I got in the car and found myself needing to take a few deep breaths.  In through the nose, out through the mouth.  I felt the tears starting to rise and I didn't want them to.  I just didn't.  So I stopped them, but somehow I haven't been able to lift the heavy weight that has settled on my heart since our conversation.  Sometimes you can only push aside so much.

So much has gotten better in the past five years, but some things... I think they will just always be hard.

Wednesday, January 7, 2009

The song remembers when

Today as I was driving along listening to Pumpkin chatter in the backseat a song came on the radio, one of the many songs that always bring Joseph and Molly to the forefront of my thoughts. As I let the lyrics penetrate my consciousness (something I sometimes prevent myself from doing) I felt tears spring to my eyes.  No real tears, no sobs, just that abrupt swell of emotion that overtakes us when we are suddenly confronted with a memory so powerful it resonates in every fiber of our being.

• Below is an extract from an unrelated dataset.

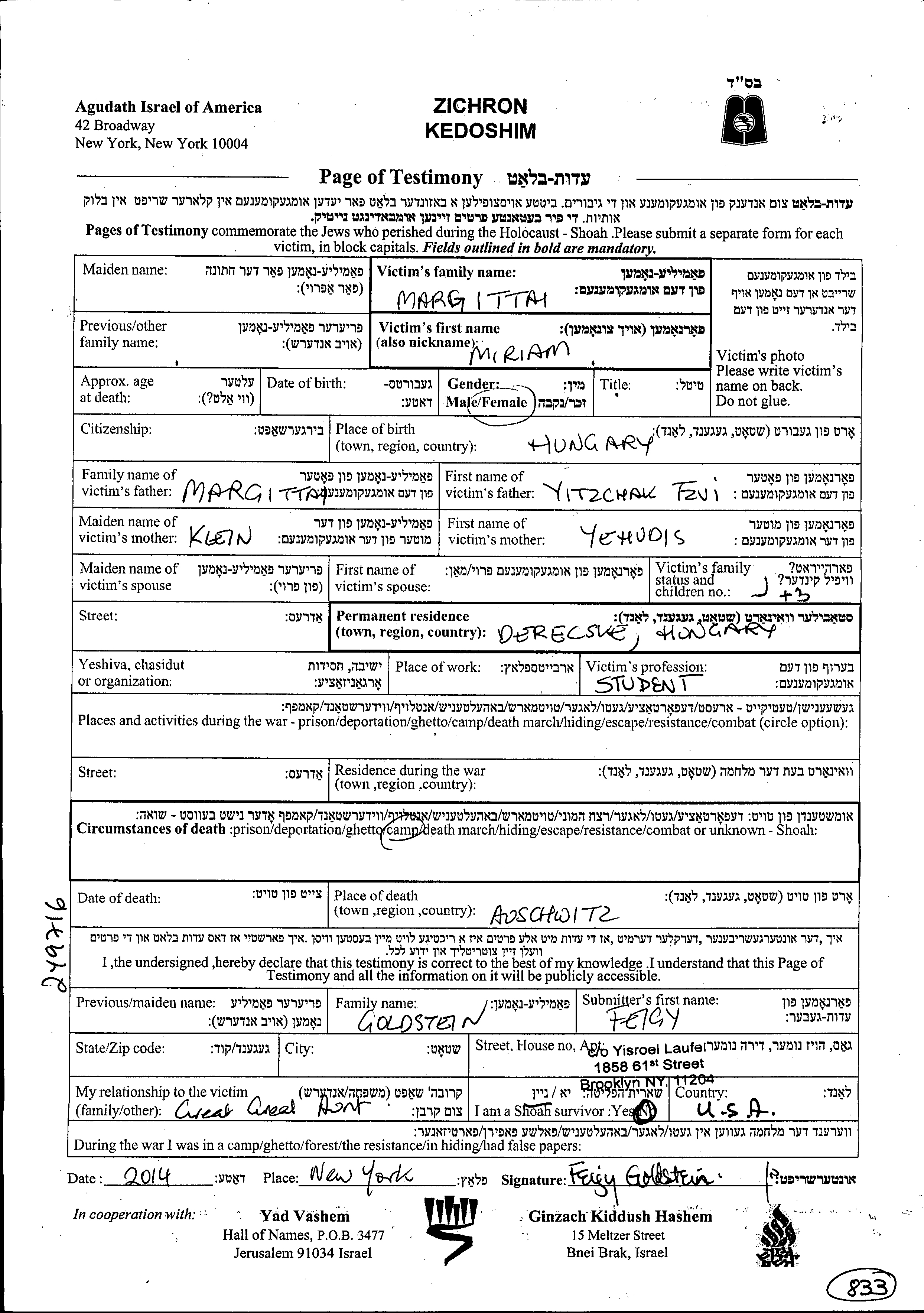 Yad Vashem - Pages of Testimony Names Memorial Collection

Five years later I now possess an emotional Stop Button that functions quite nicely most of the time.  It is the button I can press when I simply do not want to go there, right now, in this moment.  It is the button that allows me to attend a birthday party for boy/girl twins and focus solely on my own adorable, living almost four year old child.  And now, five years later mind you, it is the button I can go to when I feel the melancholy start to descend and yet there are dishes to wash, homework to correct and bedtime stories to be read.  

I am grateful to have at long last acquired this handy Stop Button.  But, at the same time, I am also glad that there are moments and memories that cannot always be so carefully controlled.  I am glad to know a song can still bring them back to me- even for a moment.

Saturday, January 3, 2009

Progress

Progress- We are home.  We are all reveling in the complete absence of snow and are not uttering a single complaint about the rain.  I am choosing to ignore the overflowing suitcases and boxes yet to be unpacked.

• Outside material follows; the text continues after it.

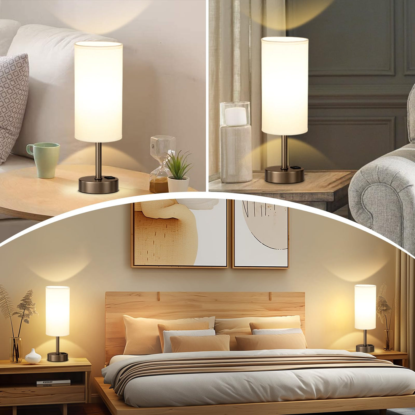 Bedside Touch Table Lamps For Bedroom Nightstand With Usb-C Usb-A Charging Ports, White & Brown 3 Way Dimmable Small Desk Lamp F

Progress- I have declared an immediate end to the EatFest 2008 I have engaged in over the past two weeks and have initiated the beginnings of Return to Healthy Living 2009.  I have exercised yesterday and today and have cut my daily calorie count by about 12,000 (that might be an exaggeration).

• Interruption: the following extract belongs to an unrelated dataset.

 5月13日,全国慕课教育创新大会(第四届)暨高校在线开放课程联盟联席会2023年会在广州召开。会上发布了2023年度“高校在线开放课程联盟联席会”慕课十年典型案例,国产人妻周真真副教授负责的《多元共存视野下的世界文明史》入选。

Progress- Pumpkin was asleep by 9:00 tonight as opposed to the 10:30pm bedtime she adopted over Christmas break.

Progress- Big J has conceded that he probably should formulate a plan for studying for his finals which will take place in three short weeks.

Progress- Today I took Pumpkin to a birthday party for four year old boy/girl twins and I suffered only the smallest ache when they sat side by side and blew out the candles on their cupcakes.

Progress- I am learning to celebrate progress rather than seek perfection.

Thursday, January 1, 2009

And so it begins... or doesn't

Happy New Year one and all!

And yet we are still here on The Other Side of the Mountains, feeling as though we are living our own version of Groundhog Day. More snow... Pass closed... can't get home.

It's a good thing I don't hold much stock in New Years, or resolutions, or artificial beginnings, because I might consider this a rather inauspicious start to 2009. But instead, in my Pollyanna way, I will see the blessings.

At least we weren't already on the road when the Pass was closed thus needing to either turn around or wait it out in Small Town, Northwest.

At least we have a warm, dry, cozy home in which to bide our time until the storm passes.

At least, and in fact there is nothing least about it, we have each other.

So, all of those choruses we sang about dreaming of a white christmas... enough already.